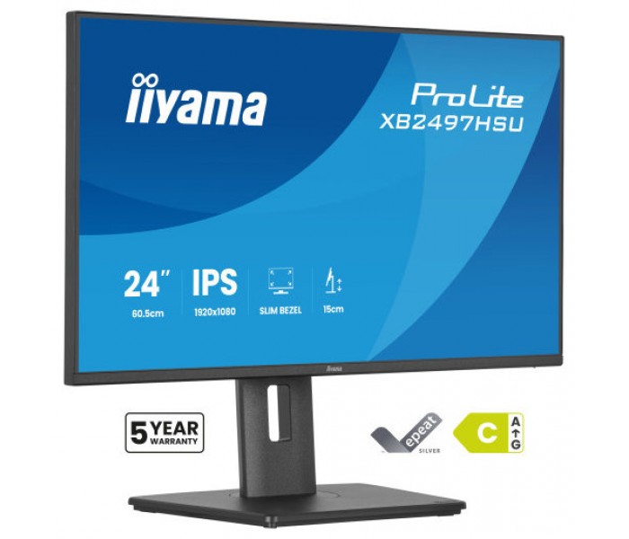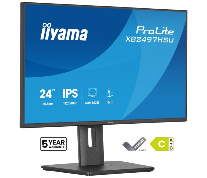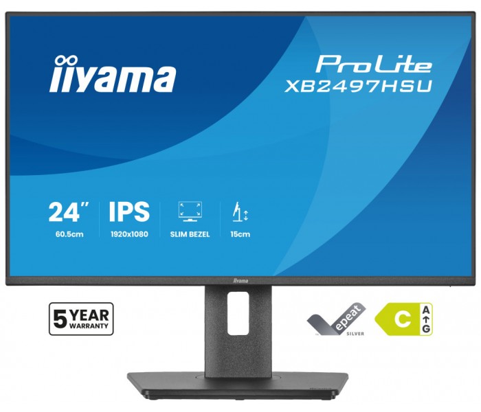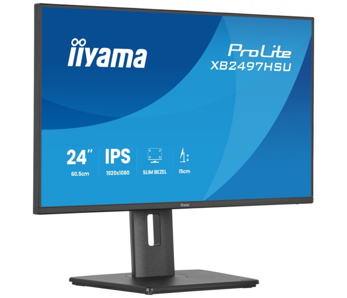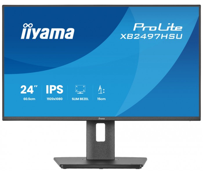 iiyama ProLite XB2497HSU-B1. Diagonal de la pantalla: 60,5 cm (23.8"), Resolución de la pantalla: 1920 x 1080 Pixeles, Tipo HD: Full HD, Tecnología de visualización: LED, Superficie de la pantalla: Mate, Tiempo de respuesta: 4 ms, Relación de aspecto nativa: 16:9, Ángulo de visión, horizontal: 178°, Ángulo de visión, vertical: 178°. Altavoces incorporados. Conector USB incorporado, Versión de conector USB: 3.2 Gen 1 (3.1 Gen 1). montaje VESA, Ajustes de altura. Color del producto: Negro
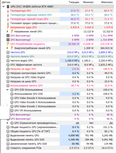 по температуре в простое У меня два монитора с разной герцовкой - 200 и 60 гц. Изза этого частота памяти не всегда на минимуме, а частенько туда сюда между мин и макс летает. Бывает до 28 ватт показывает на раб столе.
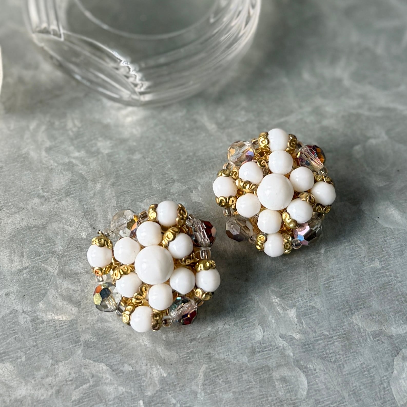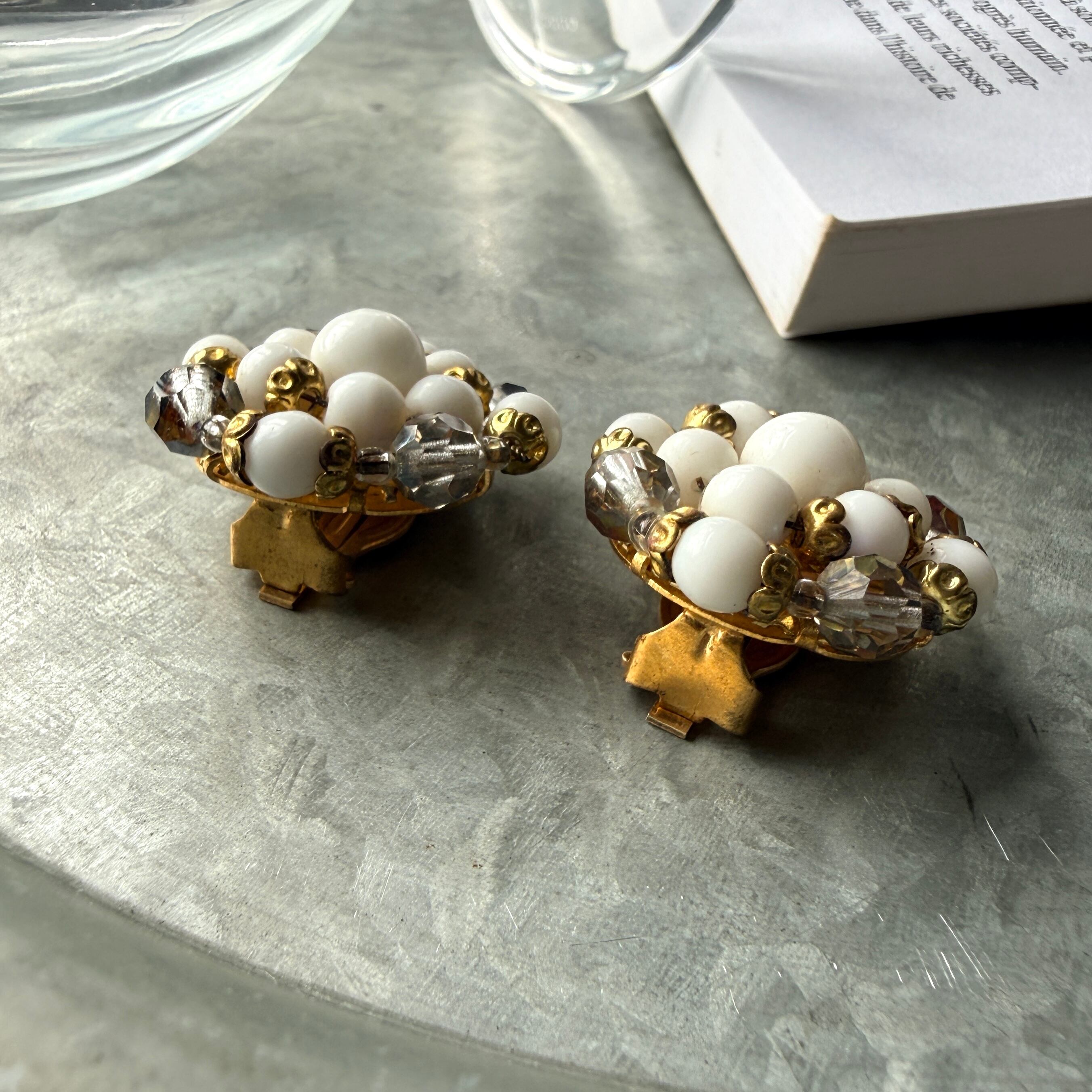 Y1205-ヴィンテージイヤリング U.S.A. 1950〜60's White Clear Gold Bead Cluster Clip Earrings

Exercise requirements:
Your answer must be an exact copy of the lines from the line with "по температуре в" to the final line of the data, both ends included, and no pictures.

Answer to this task:
 по температуре в простое У меня два монитора с разной герцовкой - 200 и 60 гц. Изза этого частота памяти не всегда на минимуме, а частенько туда сюда между мин и макс летает. Бывает до 28 ватт показывает на раб столе.
 Y1205-ヴィンテージイヤリング U.S.A. 1950〜60's White Clear Gold Bead Cluster Clip Earrings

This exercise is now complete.